Bo Wickman (1988:808) tarafından “Ural dilbilim tarihi” bir makaleye göre, Danimarkalı bilgin Vilhelm Thomsen (1842-1927) tüm zamanların en büyük dilbilimciler biri oldu. O bir dil disiplinleri şaşırtıcı çok sayıda aktif olarak görev aldı, ve o hepsini eşit ustaca oldu.
O modern dilbilim, Rasmus Rask, NL diğer üç Danimarka öncüleri ile birlikte merkezi Kopenhag’da kurulan bir dikilitaş onurlandırıldı Westergaard, ve Karl Verner.
Türkoloji’nin Duayeni: “Wilhelm Radloff”
Tarih: 4 Aralık 2011 | Bölüm: Önemli Türkologlar | Yorumlar: Yorum yok.

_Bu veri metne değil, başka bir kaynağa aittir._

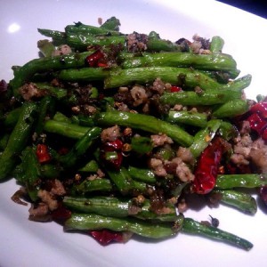 锅中留少许底油,不要太多哦。下姜蒜辣椒花椒一起煸炒出香味后,放入肉末煸干并放入老干妈与豆瓣酱,然后下四季豆翻炒片刻,加入料酒.盐.鸡精.味精.糖,最后撒上葱花!大功告成^_^
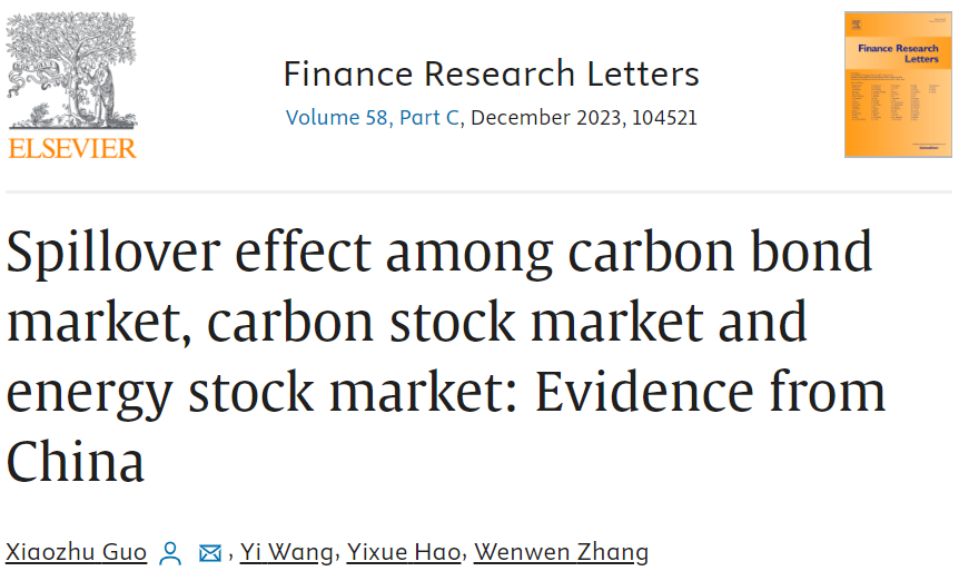 我院郭晓竹、王翊、郝以雪和张雯雯老师的论文“Spillover effect among carbon bond market, carbon stock market and energy stock market: Evidence from China”被金融领域知名SSCI期刊《Finance Research Letters》(2022-2023年度影响因子10.4,JCR一区,JCR学科类别Business/Finance中排名1/111)接受并在线发表。
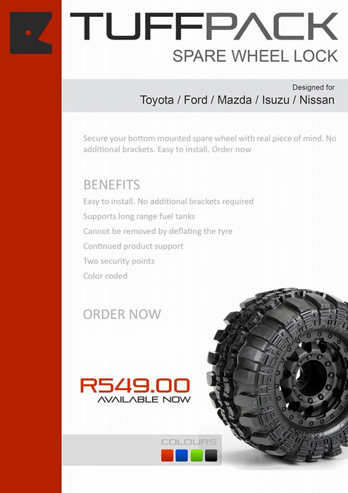 The solution supports any make and model, bakkies or SUV’s. This easy to use solution will put your mind at ease when it comes to loosing that costly bottom mounted spear wheel.
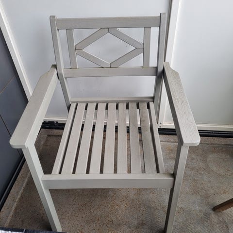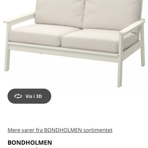 Stolene er af typen BONDHOLMEN med hvide/beige hynder (ny pris: 1295 x2 = 2590 DKK, link: https://www.ikea.com/dk/da/p/bondholmen-laenestol-ude-hvid-beige-froesoen-duvholmen-beige-s29578307/)

81 yıllık ömrünün büyük bir kısmını Türk Dünyasını araştırmaya adayan Alman asıllı Rus Türkolog Wilhelm Radloff, çalışmaları ile Türkolojide yeni bir çığır açmış ve bu alanının ne denli uçsuz bucaksız olduğunu ortaya koymuştur. Sayısız çalışmasıyla, alanında ilk sayılan eserleriyle Türkolojinin gelişimine hatırı sayılır bir katkıda bulunmuş ve yeryüzündeki en büyük Türkologlar arasına girmeyi hak etmiştir.

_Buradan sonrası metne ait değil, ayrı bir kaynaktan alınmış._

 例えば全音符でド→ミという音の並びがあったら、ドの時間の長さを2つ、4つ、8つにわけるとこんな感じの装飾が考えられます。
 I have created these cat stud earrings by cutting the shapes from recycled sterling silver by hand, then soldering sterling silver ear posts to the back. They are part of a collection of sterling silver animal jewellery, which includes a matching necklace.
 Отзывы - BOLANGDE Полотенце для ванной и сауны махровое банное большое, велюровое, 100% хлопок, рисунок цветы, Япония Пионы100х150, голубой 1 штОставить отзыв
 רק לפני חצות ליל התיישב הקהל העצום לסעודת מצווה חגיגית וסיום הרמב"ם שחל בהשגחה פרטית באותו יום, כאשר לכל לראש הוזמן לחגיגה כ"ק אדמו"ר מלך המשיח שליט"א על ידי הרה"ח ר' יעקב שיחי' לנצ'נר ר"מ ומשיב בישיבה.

Onun çalışmaları, kendisinden sonra gelen araştırmacılara ilham kaynağı olmuş, Türkolojinin önünü açmış, Radloff isminin Türkoloji araştırmaları tarihine kazınmasını sağlamıştır. Radloff’un ve çalışmalarının ne denli önemli olduğunu anlayabilmek için onun hayat hikâyesine kısaca bir göz atmak yeterli olacaktır.
Hayatı
Prusya ordusunda yedek subay olan bir babanın tek oğlu olarak 5 Ocak 1837 tarihinde Berlin’de dünyaya gelen Radloff, ailesinin iyi olmayan maddî durumuna rağmen iyi bir eğitim almıştır. Lise yıllarından itibaren edebiyata ve dile ilgi duymaya başlamış, üniversiteye girdiği ilk yıllarda aldığı felsefe ve ilahiyat eğitimini yarıda bırakarak filolojiye yönelmiştir.

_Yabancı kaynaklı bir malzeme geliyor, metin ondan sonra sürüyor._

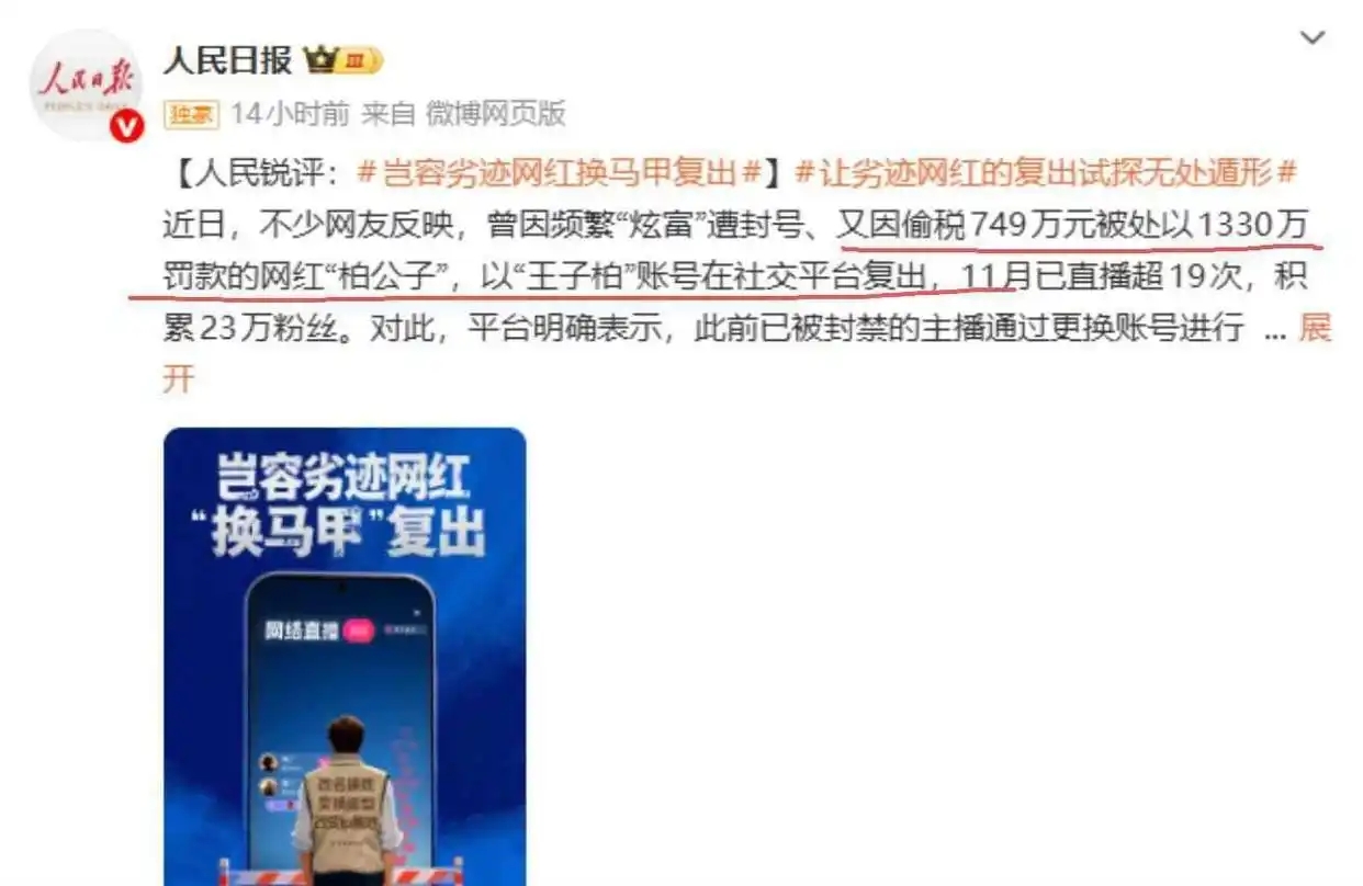 一个因炫富拜金、偷税漏税而被官方媒体点名批评、被平台永久封禁的人,怎么就能像没事人一样,改个名字、换个造型,就轻松“秽土转生”了?

İlerleyen yıllarda Radloff; Türk, Moğol, Mançu ve Fin dilleri arasındaki ilişkileri ortaya koymaya çalışan hocası Wilhelm Schott sayesinde Doğu dillerine yönelmeye başlamış ve Orta Asya‘nın bilinmeyen dillerini kendisine çalışma alanı olarak seçmiştir. Bu yıllarda, Rus topraklarında araştırma yapabilmek amacıyla Rusça öğrenmeye başlamış; Rusların Merkezî ve Doğu Asya’daki Türk topraklarına doğru ilerlemesiyle birlikte Rusya’da kalmaya ve Türk dili, tarihi, kültürü üzerinde çalışmaya karar vermiştir.